Conclusion du chapitre

Ainsi, que l’on interroge la morale populaire ou la science, le résultat est le même. Des grandes dames aux ouvrières en passant par les petites bourgeoises, il n’y aurait pour les femmes qu’une seule vocation légitime : abnégation et sacrifice de soi. Historiquement et jusqu’à une période relativement récente, l’accès des femmes à la monnaie est conditionné explicitement par ces deux formes d’obligations : dépendance et devoir social. Les femmes n’ont aucun droit sur leurs revenus, même leur propre salaire ; en même temps, elles ont en charge la lourde responsabilité de gérer rationnellement le budget familial. Gestion parcimonieuse, épargne, prévoyance font pleinement partie de leur devoir social. Le revenu féminin prend alors une connotation de salaire d’appoint cantonnant les femmes dans un statut de dépendantes. Cette notion de salaire d’appoint se manifeste tout d’abord de manière tout à fait objective, à travers l’infériorité des salaires féminins. L’argument de la dépendance est invoqué à la fois pour expliquer et justifier cette infériorité. À cet égard, il est frappant de voir à quel point l’histoire se répète puisque les arguments contemporains ne sont guère différents de ceux du siècle dernier. Cette notion de salaire d’appoint revêt également un caractère foncièrement subjectif, et c’est ici que les vertus neutralisantes de l’instrument monétaire révèlent leurs limites.

Le fait que les femmes puissent disposer de leurs propres revenus représente une menace pour la division sexuée des rôles dans le couple : différencier les revenus en autorise cependant le maintien. Les flux monétaires, en apparence homogènes, sont investis d’une signification qui leur confère une existence propre, indissociable de l’identité de celui qui en est à l’origine.
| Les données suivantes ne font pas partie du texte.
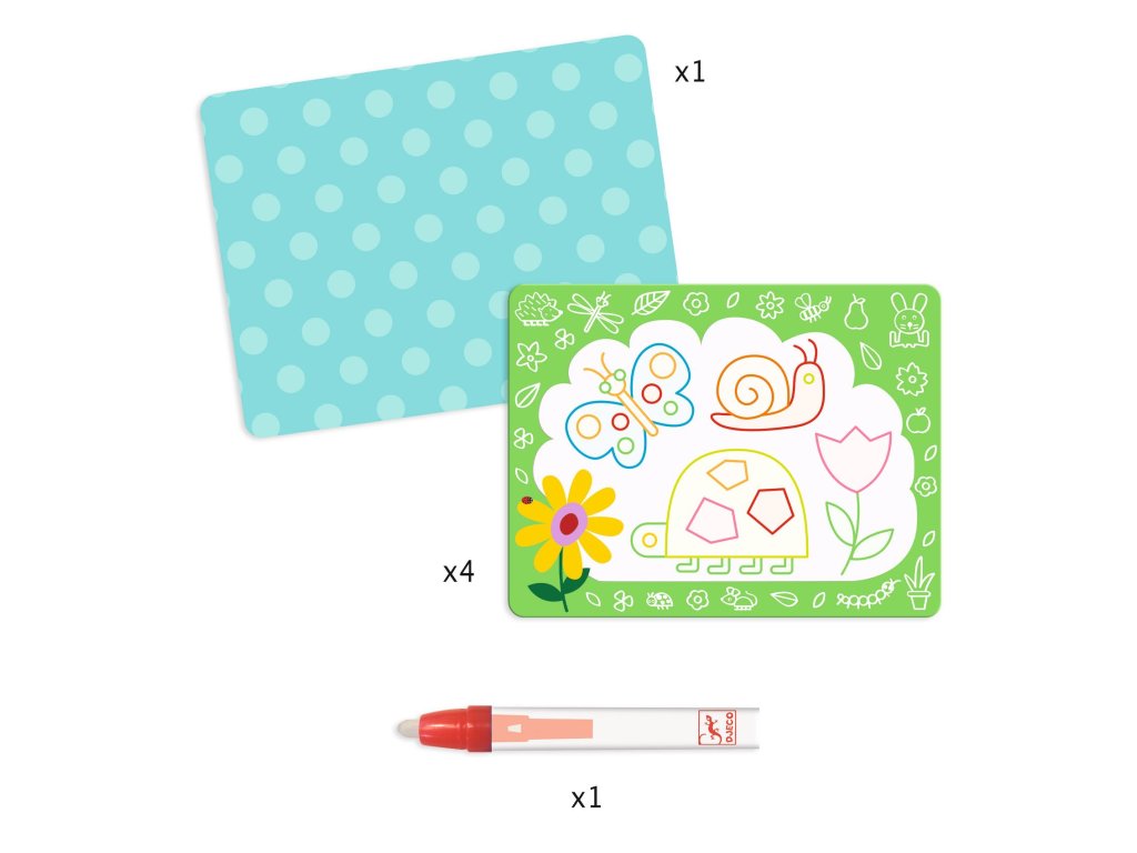 Čmáranice: magické vyfarbovanie vodouKúzelné maľovanie bez farieb a neporiadkuČmáranice – magické vyfarbovanie vodou je kreatívna sada pre najmenšie deti, ktorá umožňuje maľovať iba pomocou vody. Stačí naplniť priložený štetec s filcovým hrotom vodou a prejsť ním po obrázku – farby a motívy sa okamžite objavia ako kúzlom. Sada obsahuje 4 obrázky s čmáranicami a siluetami, ktoré sa po navlhčení vyfarbia a po uschnutí opäť zosvetlia. Deti tak môžu obrázky vyfarbovať opakovane, bez použitia farieb, fixiek či pasteliek. Ideálne riešenie na pokojné tvorenie doma aj na cestách.Výhody (Prečo si vybrať magické vyfarbovanie vodou od Djeco)maľovanie bez farieb a neporiadkuopakovane použiteľné obrázkyideálne pre malé detibezpečný a jednoduchý princípskvelé na doma aj na cestyvhodné pre deti od 18 mesiacovObsah balenia4 obrázky na magické vyfarbovanieštetec s filcovým hrotom a nádržkou na vodupodložka z hrubej lepenkyDodatočné parametre

Choisir d’affecter le revenu féminin à des dépenses, non seulement précises, mais surtout secondaires - quel que soit finalement l’usage réel qui est fait, plusieurs enquêtes soulignant le décalage entre discours et pratiques -, permet de perpétuer l’image d’un salaire d’appoint dont ne dépend pas la survie familiale.

La « valeur » monétaire est finalement reléguée au second plan. Le rôle de l’unité de compte comme équivalent général trouve ici ses limites. Le salaire féminin n’est pas un flux monétaire neutre, au sens où il serait détaché de tout jugement : il subit un processus d’appropriation. Toutefois, cette pratique d’étiquetage n’est pas une attitude systématique destinée à se perpétuer à travers le temps : il s’agit davantage d’une convention que les acteurs manipulent à leur guise pour exprimer et orienter le sens et la nature de la relation conjugale.

Revenons pour finir sur la portée du raisonnement et des données proposés dans ce chapitre. Nous l’évoquions en introduction, la finalité de celui-ci n’était pas d’offrir une image fidèle et implacable d’un groupe précis de femmes, relatif à un territoire donné, au cours d’une période déterminée : elle a consisté à reconstituer un processus. C’est pourquoi nous n’avons pas hésité à multiplier les sources, les périodes, offrant ainsi au lecteur un tableau quelque peu foisonnant.

La situation n’incite guère à l’optimisme. Pourtant, insister sur l’inertie des représentations et des normes sociales ne doit pas occulter leur potentiel d’évolution. Constater la dimension sociale de l’instrument monétaire ne doit pas non plus masquer ses vertus émancipatrices. La division sexuée des droits et des obligations ne saurait être un processus inéluctable de domination sur lequel les femmes n’auraient aucune prise, et l’accès à la monnaie fait précisément partie des moyens possibles. Les progrès enregistrés par la condition féminine au cours des deux derniers siècles en sont la première illustration. En soulignant les effets d’autorenforçement et de décalage, nous n’avons guère évoqué le rôle pourtant essentiel des femmes elles-mêmes, premières actrices de l’évolution de leur propre condition. C’est sur ce point que nous allons poursuivre dans le chapitre suivant en mettant en évidence, à partir des trajectoires entrepreneuriales des femmes sénégalaises, les capacités de réaction, de résistance et de contournement dont elles font preuve face aux obligations qui leur sont imposées, et le rôle de la monnaie dans cette transformation.